> Data items
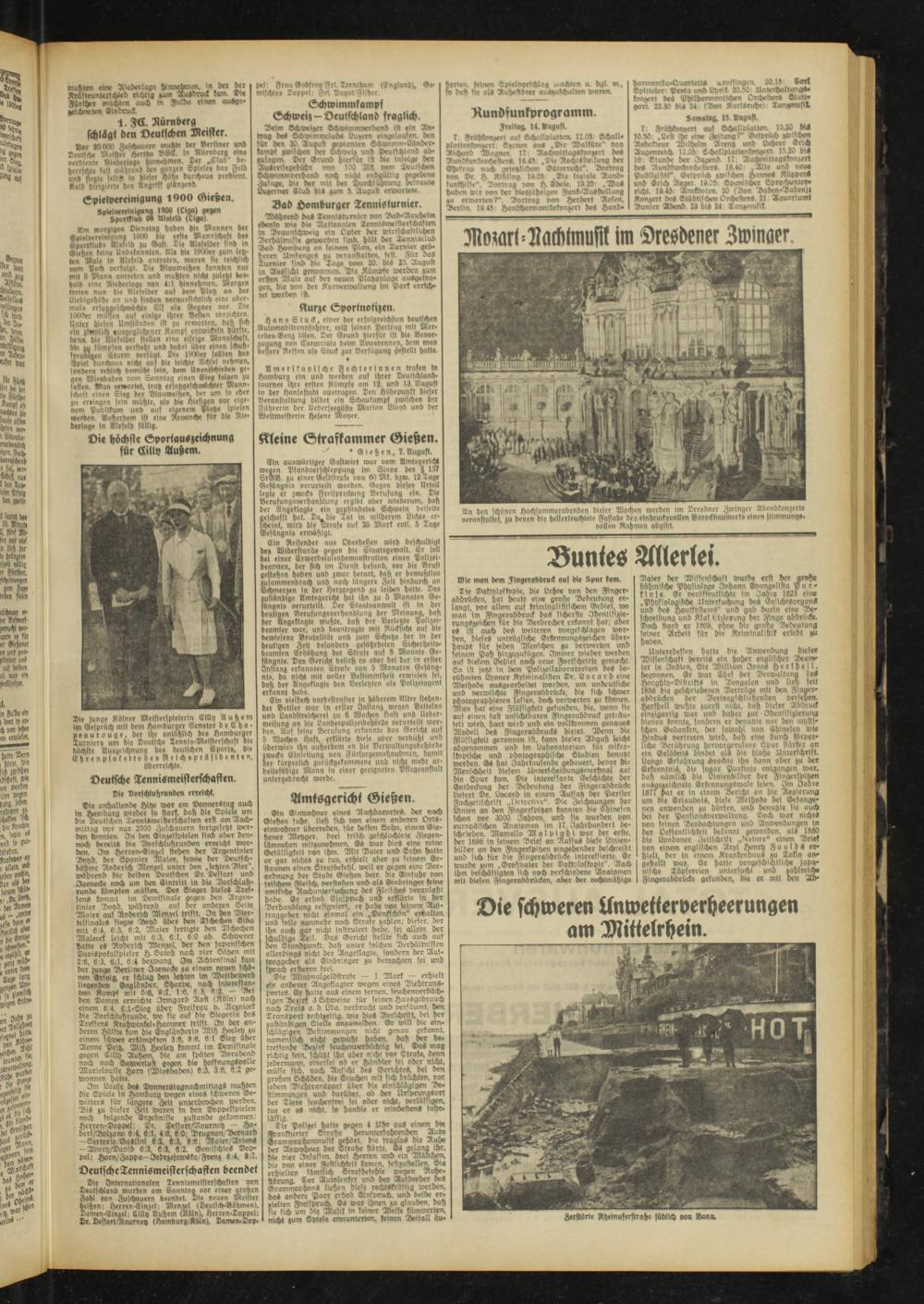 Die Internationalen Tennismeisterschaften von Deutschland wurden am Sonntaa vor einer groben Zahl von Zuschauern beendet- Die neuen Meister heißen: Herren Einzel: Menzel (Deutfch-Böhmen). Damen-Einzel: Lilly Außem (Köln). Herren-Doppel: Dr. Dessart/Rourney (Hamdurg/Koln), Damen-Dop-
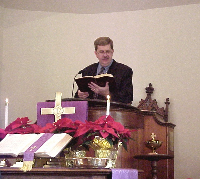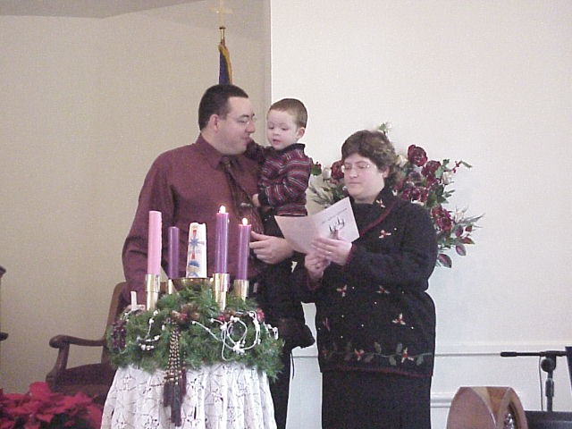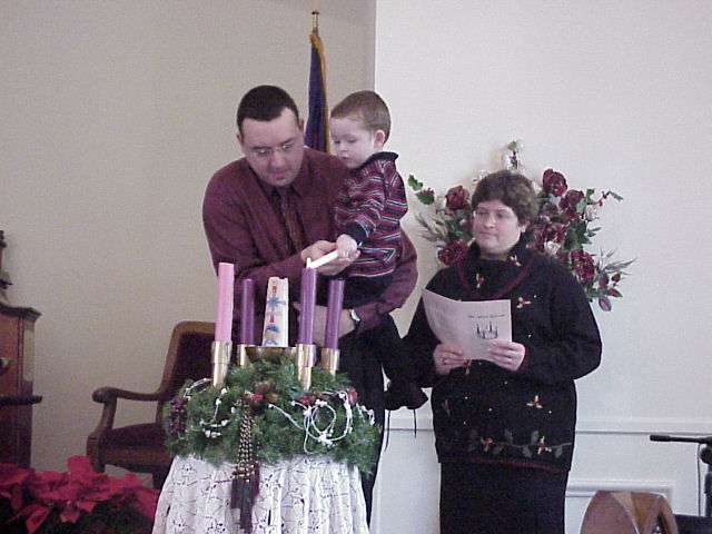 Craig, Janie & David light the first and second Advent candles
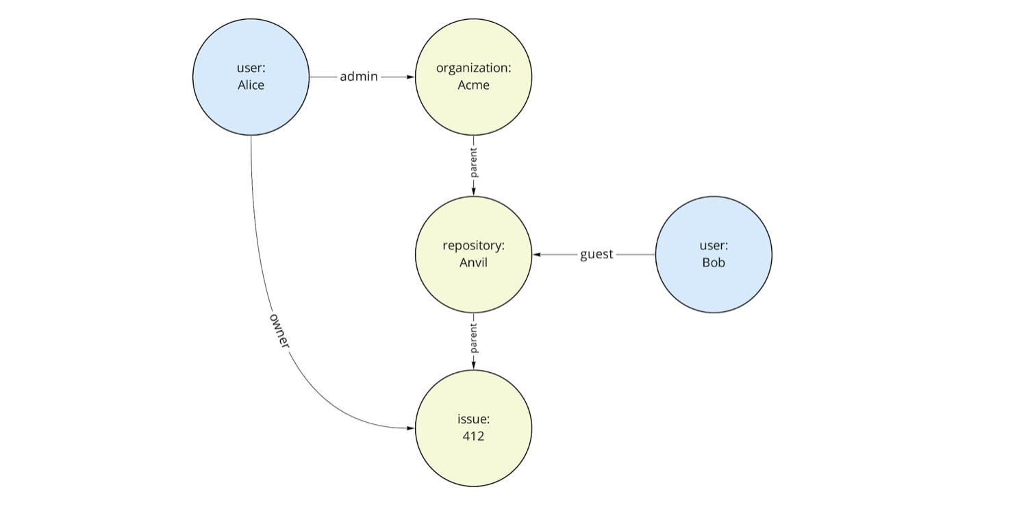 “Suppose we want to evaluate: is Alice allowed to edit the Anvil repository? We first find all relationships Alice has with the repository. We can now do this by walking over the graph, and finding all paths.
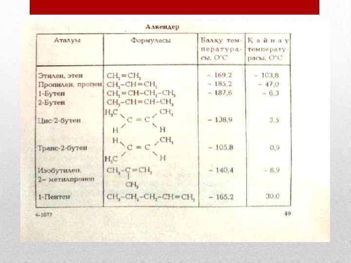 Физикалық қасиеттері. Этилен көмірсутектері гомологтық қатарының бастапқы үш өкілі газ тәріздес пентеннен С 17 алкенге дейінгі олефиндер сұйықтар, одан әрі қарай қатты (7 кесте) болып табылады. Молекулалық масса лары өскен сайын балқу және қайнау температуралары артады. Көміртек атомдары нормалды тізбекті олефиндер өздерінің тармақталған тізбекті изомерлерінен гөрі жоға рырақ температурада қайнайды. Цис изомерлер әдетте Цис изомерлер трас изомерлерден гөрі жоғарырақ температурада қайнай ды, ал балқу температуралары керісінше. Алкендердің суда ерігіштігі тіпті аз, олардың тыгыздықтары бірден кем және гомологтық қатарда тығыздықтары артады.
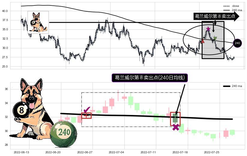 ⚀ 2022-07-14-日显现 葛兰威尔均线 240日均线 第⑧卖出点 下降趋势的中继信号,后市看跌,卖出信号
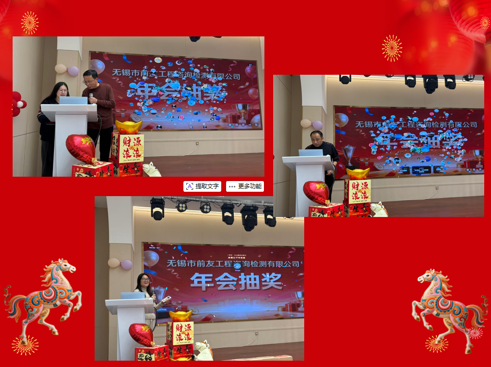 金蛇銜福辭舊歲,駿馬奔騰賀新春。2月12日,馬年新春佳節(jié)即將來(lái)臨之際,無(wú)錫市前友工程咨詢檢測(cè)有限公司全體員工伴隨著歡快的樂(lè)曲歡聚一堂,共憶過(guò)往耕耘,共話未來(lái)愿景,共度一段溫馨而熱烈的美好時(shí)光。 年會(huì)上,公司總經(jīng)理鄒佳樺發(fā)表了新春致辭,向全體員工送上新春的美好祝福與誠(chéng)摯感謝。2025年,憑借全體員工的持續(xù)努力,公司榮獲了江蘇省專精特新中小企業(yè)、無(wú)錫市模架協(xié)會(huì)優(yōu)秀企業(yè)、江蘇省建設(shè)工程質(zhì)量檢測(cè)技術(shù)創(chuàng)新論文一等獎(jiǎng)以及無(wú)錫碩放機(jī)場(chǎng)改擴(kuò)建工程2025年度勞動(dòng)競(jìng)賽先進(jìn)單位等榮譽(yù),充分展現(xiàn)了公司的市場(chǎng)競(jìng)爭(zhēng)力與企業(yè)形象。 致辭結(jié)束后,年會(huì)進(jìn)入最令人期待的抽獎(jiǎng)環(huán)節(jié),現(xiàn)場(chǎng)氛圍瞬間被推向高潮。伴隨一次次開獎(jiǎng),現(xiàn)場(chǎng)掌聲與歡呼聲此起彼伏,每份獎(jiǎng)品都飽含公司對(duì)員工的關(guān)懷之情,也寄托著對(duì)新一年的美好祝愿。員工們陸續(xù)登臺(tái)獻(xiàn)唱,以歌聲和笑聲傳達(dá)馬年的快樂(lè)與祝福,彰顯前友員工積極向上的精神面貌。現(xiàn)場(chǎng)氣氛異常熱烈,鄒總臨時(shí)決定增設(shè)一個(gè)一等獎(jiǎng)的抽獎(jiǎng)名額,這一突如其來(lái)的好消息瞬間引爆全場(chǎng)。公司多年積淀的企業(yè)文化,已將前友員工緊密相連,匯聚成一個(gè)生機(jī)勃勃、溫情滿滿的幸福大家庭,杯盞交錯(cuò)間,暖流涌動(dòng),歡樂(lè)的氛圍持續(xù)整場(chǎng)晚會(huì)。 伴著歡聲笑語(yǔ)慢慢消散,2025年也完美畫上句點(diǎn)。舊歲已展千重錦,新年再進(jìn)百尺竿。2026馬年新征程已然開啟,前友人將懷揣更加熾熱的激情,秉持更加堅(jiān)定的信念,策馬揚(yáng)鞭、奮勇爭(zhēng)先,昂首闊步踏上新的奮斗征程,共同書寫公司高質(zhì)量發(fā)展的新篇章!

> Required work
Give back exactly the lines above from the one with "Физикалық қасиеттері. Этилен" through the one with "240日均线 第⑧卖出点 下降趋势的中继信号,后市看跌,卖出信号", both included. Pictures don't belong in the copy.

> Task solution
 Физикалық қасиеттері. Этилен көмірсутектері гомологтық қатарының бастапқы үш өкілі газ тәріздес пентеннен С 17 алкенге дейінгі олефиндер сұйықтар, одан әрі қарай қатты (7 кесте) болып табылады. Молекулалық масса лары өскен сайын балқу және қайнау температуралары артады. Көміртек атомдары нормалды тізбекті олефиндер өздерінің тармақталған тізбекті изомерлерінен гөрі жоға рырақ температурада қайнайды. Цис изомерлер әдетте Цис изомерлер трас изомерлерден гөрі жоғарырақ температурада қайнай ды, ал балқу температуралары керісінше. Алкендердің суда ерігіштігі тіпті аз, олардың тыгыздықтары бірден кем және гомологтық қатарда тығыздықтары артады.
 ⚀ 2022-07-14-日显现 葛兰威尔均线 240日均线 第⑧卖出点 下降趋势的中继信号,后市看跌,卖出信号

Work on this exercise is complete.